In 1975 Bunker and Herbert were tried in federal court on charges of having tapped the phones of their father's business associates as part of an alleged attempt to stop him from bequeathing too much to the last four heirs. The two brothers were acquitted, although a pair of private detectives working for them went to jail. A federal judge ruled 2% years ago that the same brothers and five of their children had illegally exceeded the limits on purchases on the nation's soybean market. Bunker also directs first-family control of Hunt International Resources Corp., one of the nation's largest beet-sugar processors and owner of the Shakey's pizza chain. Brother Lamar, owner of the Kansas City Chiefs, is a partner in the first family's petroleum company, Placid Oil. The second family owns Hunt Oil.
Bunker Hunt ventured into silver in 1973 after Libya nationalized his 8-million-acre oil holdings. Says Hunt: "Silver looked safer than overseas oil concessions the way things were going. And precious metals were a good hedge against paper money." In late 1973, when the price was around $3 an oz., Bunker and Herbert went into silver Texas-style, buying an estimated 35 million oz. of silver futures. The brothers waged a bitter fight in 1977 to buy control of Sunshine Mining Co., which owns the nation's largest silver mine. In a rare defeat, their offer was rebuffed as too late and too low. Last year the Hunts went in even deeper, increasing their holdings by an estimated 23 million oz. Rumors spread that the family was out to corner the world silver market.
Bunker Hunt has also used his silver touch on horse breeding. He reputedly owns more thoroughbreds than anyone else in the world; 600 horses wear his light and dark green racing silks. Exceller, a horse he bought for $25,000, later earned more than $1.5 million in prize money. After Hunt became the first American to win both the French and English derbies, in 1976, Baron Guy de Rothschild, president of the French Breeders Association, restricted many French races to horses bred in European Community countries.

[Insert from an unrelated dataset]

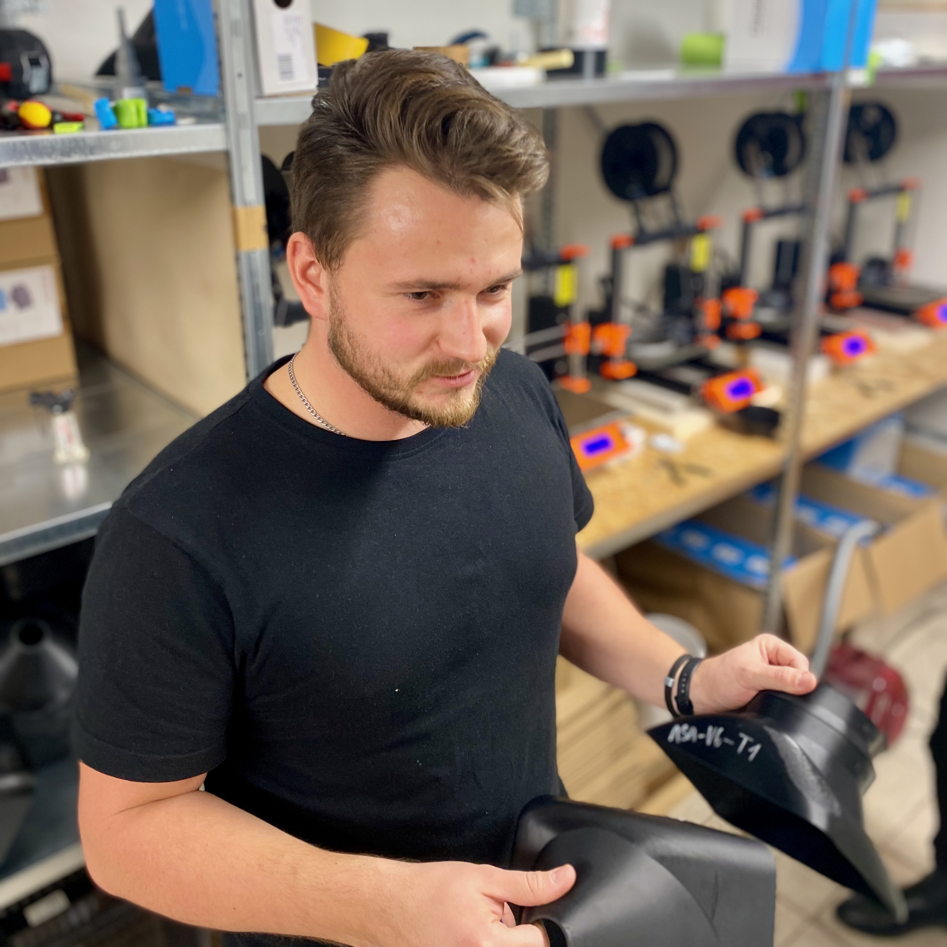 Materiál, ze kterého výrobky na 3D tiskárně vznikají, je tepelně odolnější PETG. A jaká je kapacita jedné 3D tiskárny? Kvůli zajištění kvality produktu zvládne maximálně 2 komponenty za 24 hodin. Celá 3D farma je pak v provozu 24/7. Obsluhu a správu výroby 3D tiskem zajišťuje jeden ze společníků firmy se svým specializovaným týmem. „Máme hodně náročné tvary pro tisk, ale námi požadovaná kvalifikace je především chuť do práce a smysl pro detail,“ usmívá se Jakub Ponec.

But Bunker Hunt, who dresses like a hay dealer and has been described as resembling "Burl Ives in a Tennessee Williams play," was never much for the international horsy set. He neither smokes nor drinks. Last year he spent $3 million bankrolling the new Warner Bros, film Jesus, and he heads the billion-dollar fund-raising drive for the fundamentalist Christian Campus Crusade.
In Dallas, Bunker Hunt is known as a mercurial businessman. Says one former associate: "He can spend several hours dealing with something like the menus at Shakey's and then make a multimillion-dollar decision in five minutes with only one-third of the facts and his prejudice." He once objected to hiring a pizza chain executive because he drove a red Jaguar XKE.

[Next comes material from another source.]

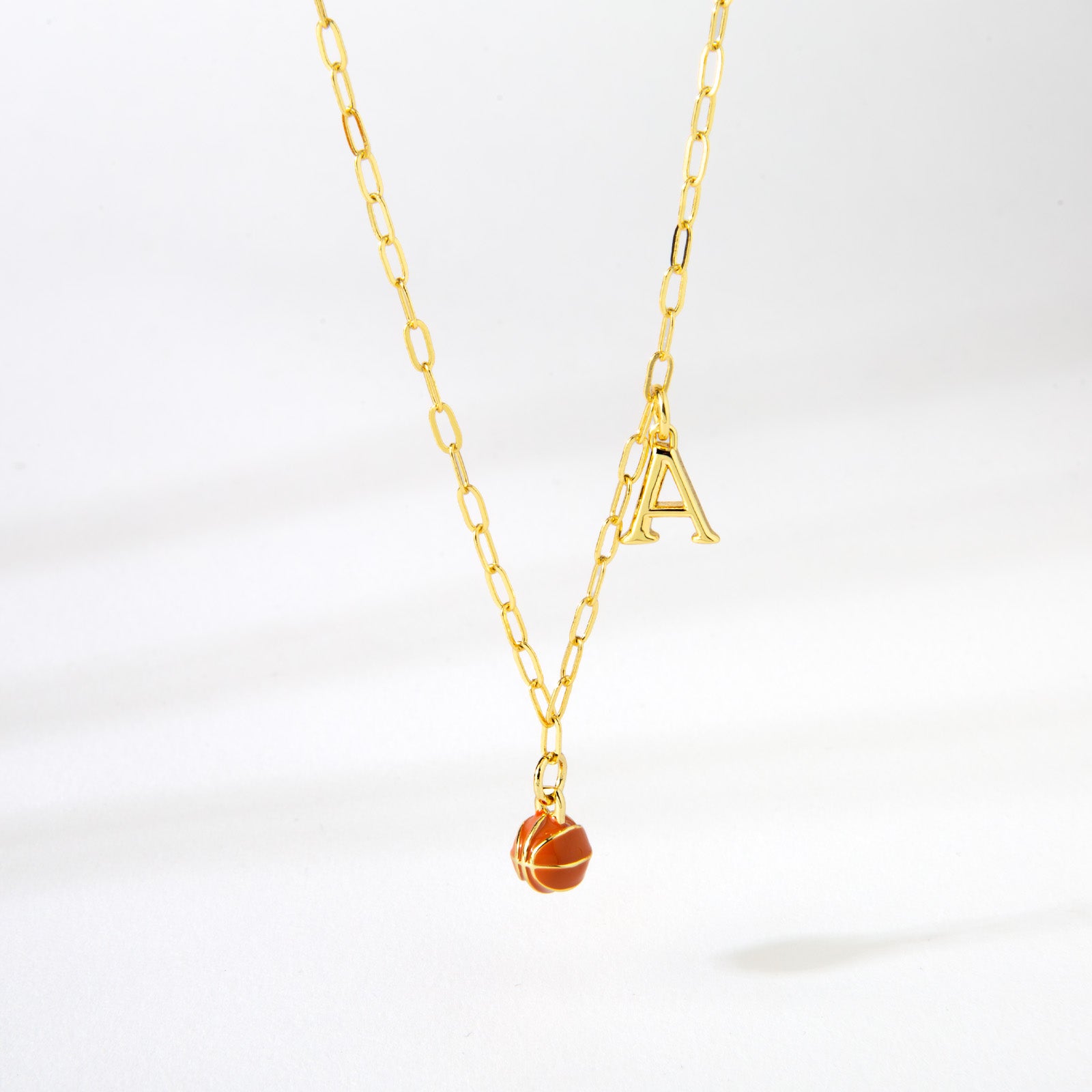 Score style points with the Net Play Basketball Necklace! Create your new favorite Game Day jewelry and take your team pride with you wherever you are! Personalize this 17-19" basketball necklace with the initial that represents your team, your favorite player, or for someone special for you. Whether you’re cheering from the stands or celebrating a big win, this personalized sports fan charm necklace is a stylish way to keep your team spirit alive.

Hunt likes to slip away to his 3,000-acre Circle T Ranch, about 20 miles outside Dallas. There he surveys his horses and plots business deals. Selling off silver, though, is not one of his plans. Last October he told the president of the Chicago Board of Trade that he had no intention of unloading the family silver. Hunt explains that because of prodigious profits, "if you sell, you get into a tax problem." Some problem.